▶ _Records for this task_

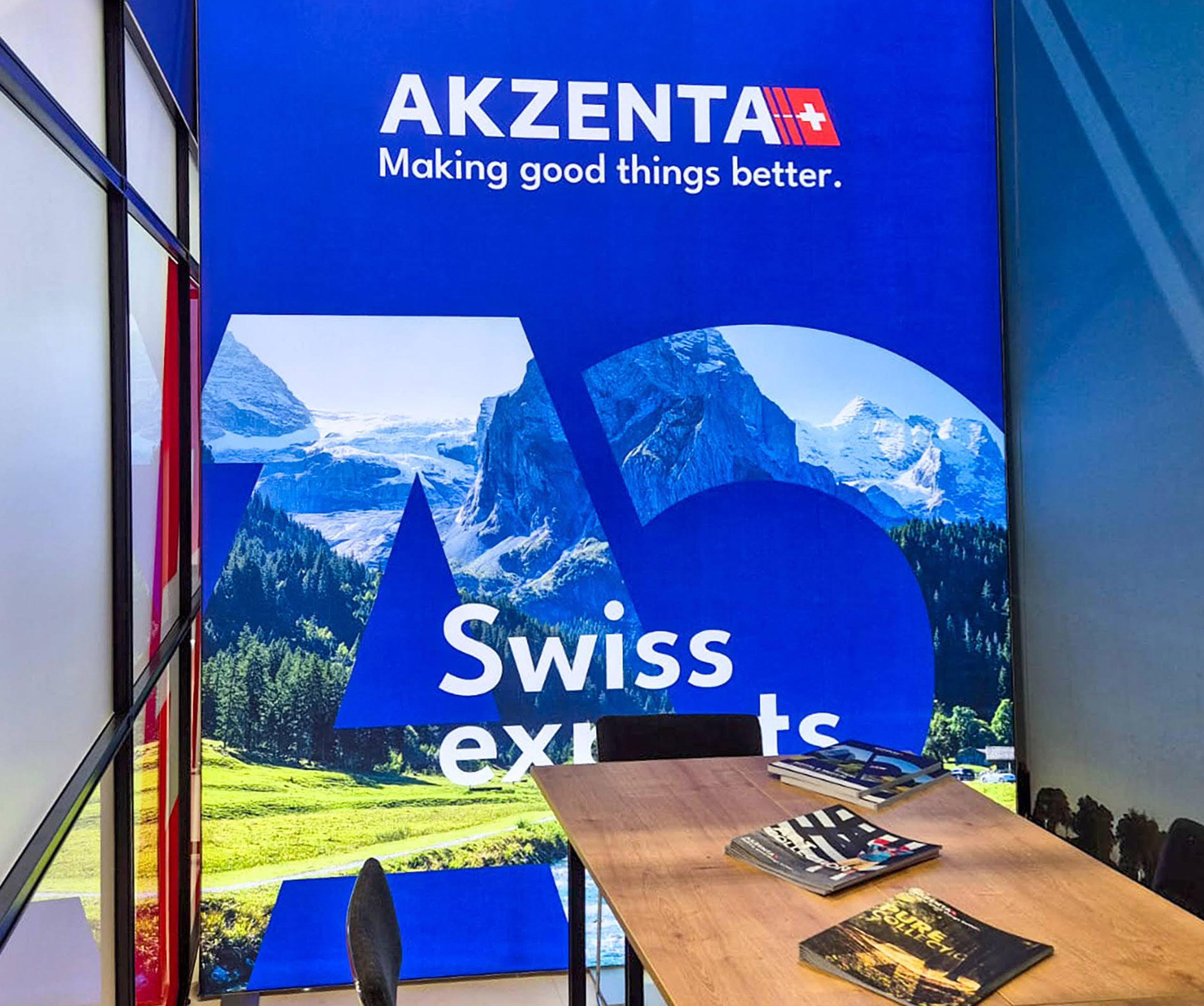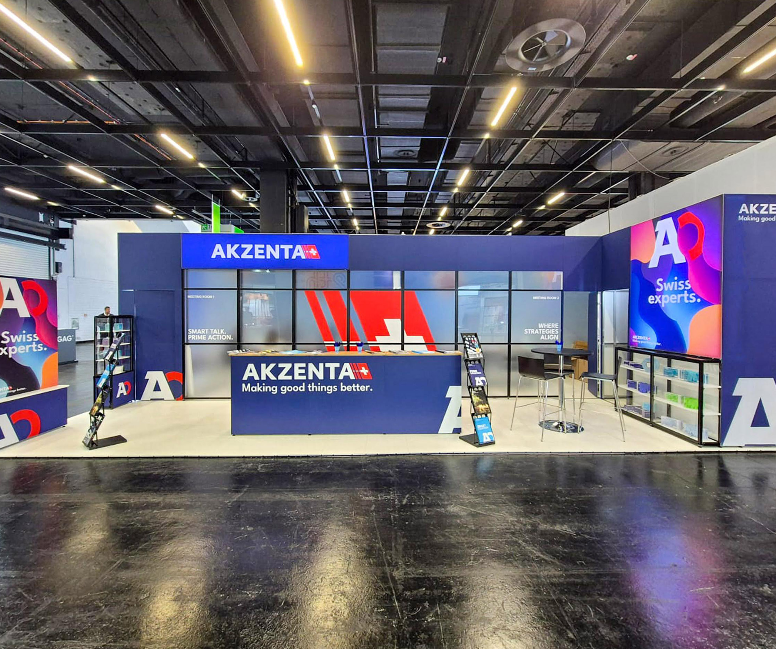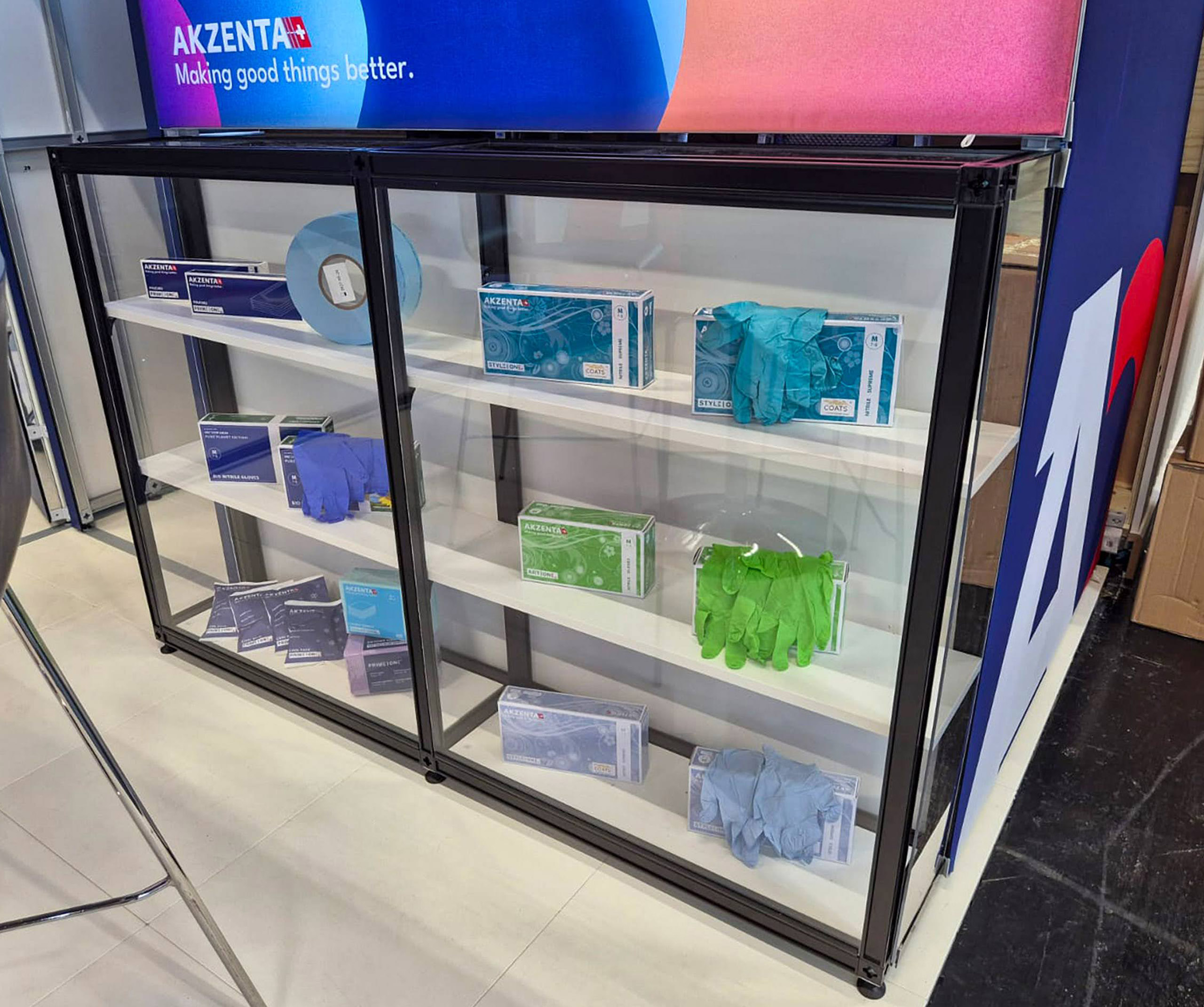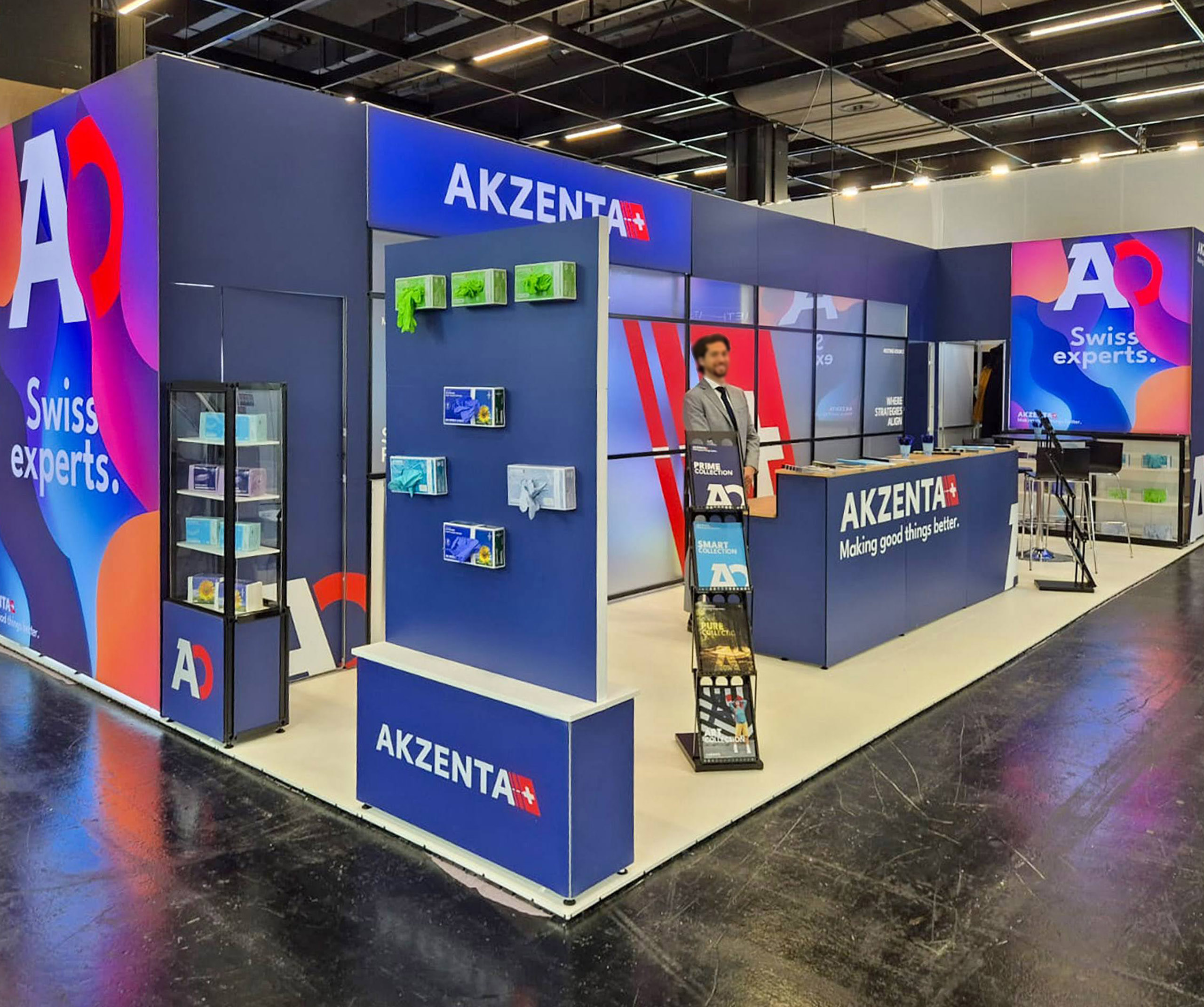 Biznisovo odlišne poňatý výstavný stánok pre klienta dodávajúceho spotrebný materiál pre dentálne ambulancie. Hlavnú časť stánku tvoria dve zasadacie miestnosti slúžiace na súkromné stretnutie s klientami. Vystavovaný produkt v tomto prípade ustúpil dôvernému rozhovoru s klientom a uzatváraniu dohôd. Zasadacie miestnosti sú predelené efektným Lightboxom. Praktické vitríny boli navrhnuté na mieru a sú súčasťou tohto strohého, no účelného dizajnu.
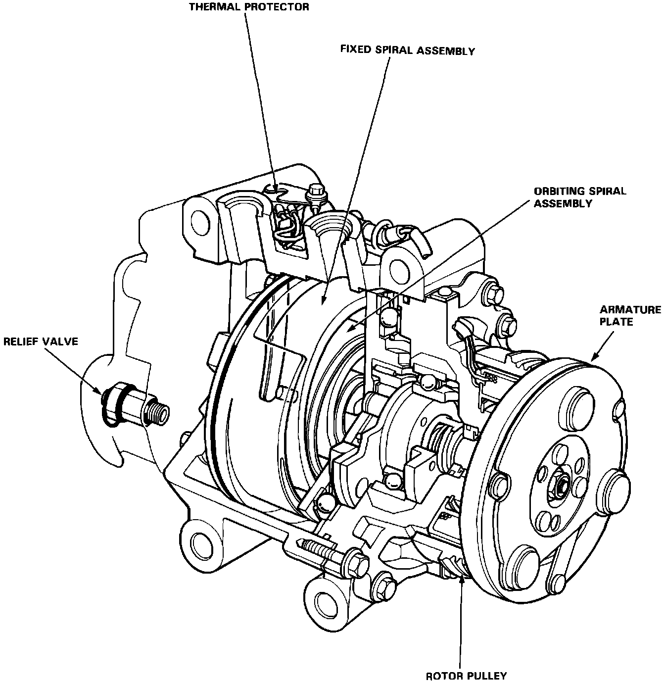 In this spiral type compressor, refrigerant is compressed between a fixed spiral assembly and an orbiting spiral assembly. A thermal protector is installed on this compressor in the event that the evaporator temperature gets too cold. If the evaporator temperature drops below 31°-35°F (-.5°-1.5°C), the compressor will be disabled until the evaporator temperature raises to within 36°-41°F (2.5°-5°C).
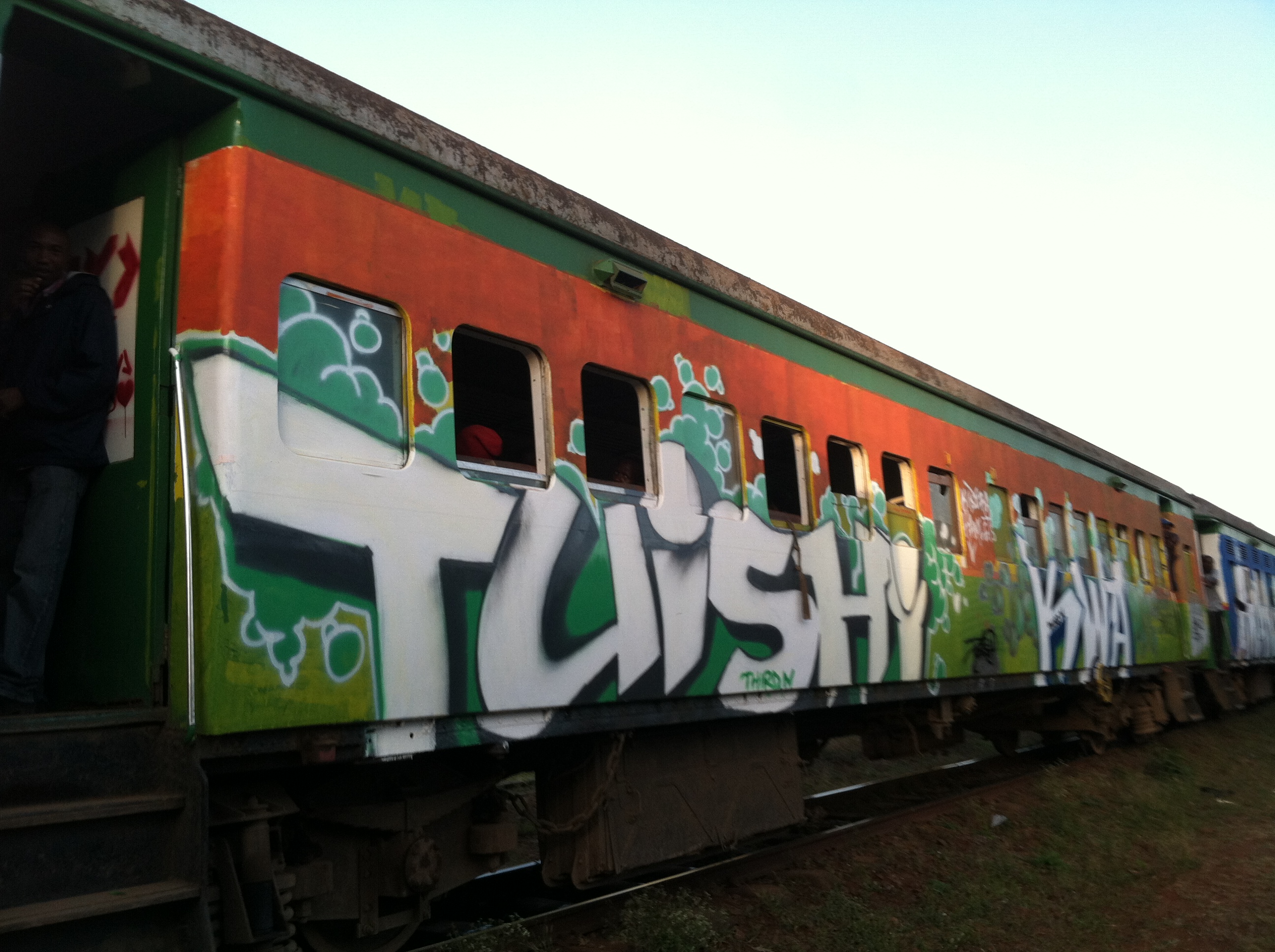 Nairobi graffiti artist Bankslave and Joel Bergner organized the Peace Train as part of the Kibera Walls for Peace project.
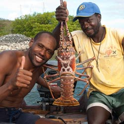 Fresh lobster for dinner | Nutmeg and mace come from the same tree. | A seamoss farmer with a jug of seamoss drink |
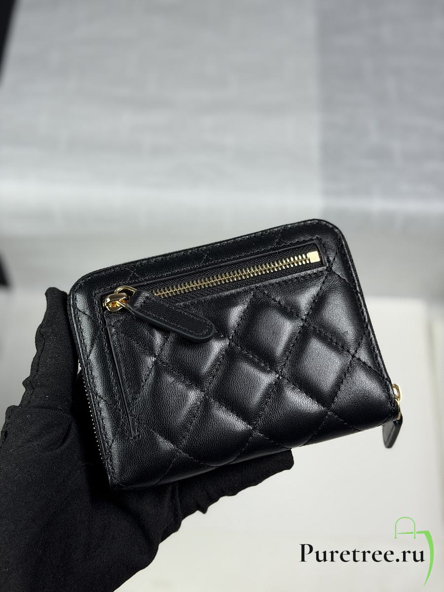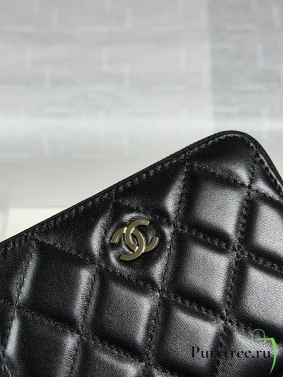 CHANEL | Zippered Coin Case Lambskin Gold Hardware Black
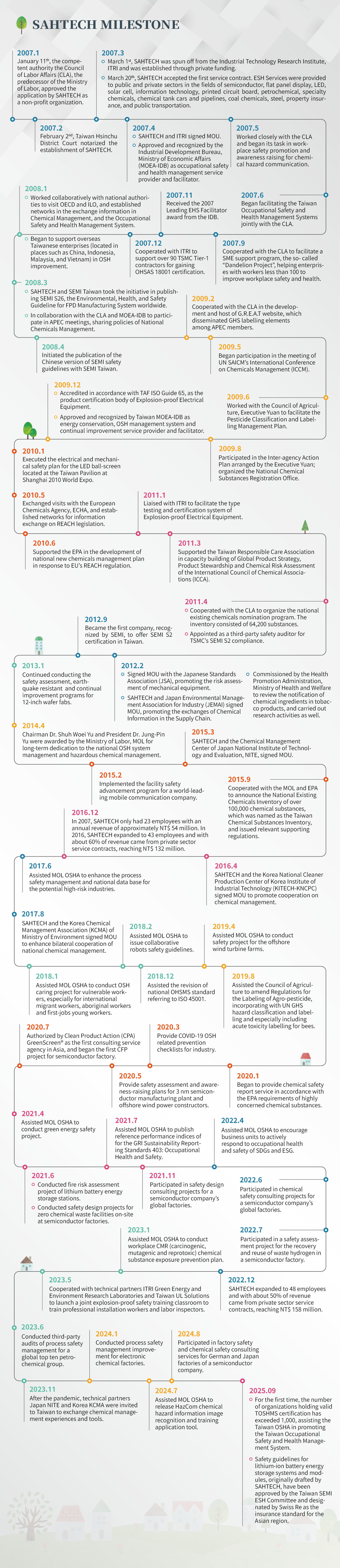 SAHTECH also plays a major role in amendment and promotion of SHE policies and regulations such as OSH on Vision Zero, chemical occupational health management, process safety management, industry 4.0 safety, Taiwan Occupational Safety and Health Management system, OSH on SDGs and Carbon Net-Zero. In addition, SAHTECH provides technical services to various industries, available services including chemical safety report, fire protection, exposure assessment, mechanical and electrical safety.

▶ _Problem to solve_
Without the pictures, retype all of the data above exactly.

▶ _Response to this exercise_
 Biznisovo odlišne poňatý výstavný stánok pre klienta dodávajúceho spotrebný materiál pre dentálne ambulancie. Hlavnú časť stánku tvoria dve zasadacie miestnosti slúžiace na súkromné stretnutie s klientami. Vystavovaný produkt v tomto prípade ustúpil dôvernému rozhovoru s klientom a uzatváraniu dohôd. Zasadacie miestnosti sú predelené efektným Lightboxom. Praktické vitríny boli navrhnuté na mieru a sú súčasťou tohto strohého, no účelného dizajnu.
 In this spiral type compressor, refrigerant is compressed between a fixed spiral assembly and an orbiting spiral assembly. A thermal protector is installed on this compressor in the event that the evaporator temperature gets too cold. If the evaporator temperature drops below 31°-35°F (-.5°-1.5°C), the compressor will be disabled until the evaporator temperature raises to within 36°-41°F (2.5°-5°C).
 Nairobi graffiti artist Bankslave and Joel Bergner organized the Peace Train as part of the Kibera Walls for Peace project.
 Fresh lobster for dinner | Nutmeg and mace come from the same tree. | A seamoss farmer with a jug of seamoss drink |
 CHANEL | Zippered Coin Case Lambskin Gold Hardware Black
 SAHTECH also plays a major role in amendment and promotion of SHE policies and regulations such as OSH on Vision Zero, chemical occupational health management, process safety management, industry 4.0 safety, Taiwan Occupational Safety and Health Management system, OSH on SDGs and Carbon Net-Zero. In addition, SAHTECH provides technical services to various industries, available services including chemical safety report, fire protection, exposure assessment, mechanical and electrical safety.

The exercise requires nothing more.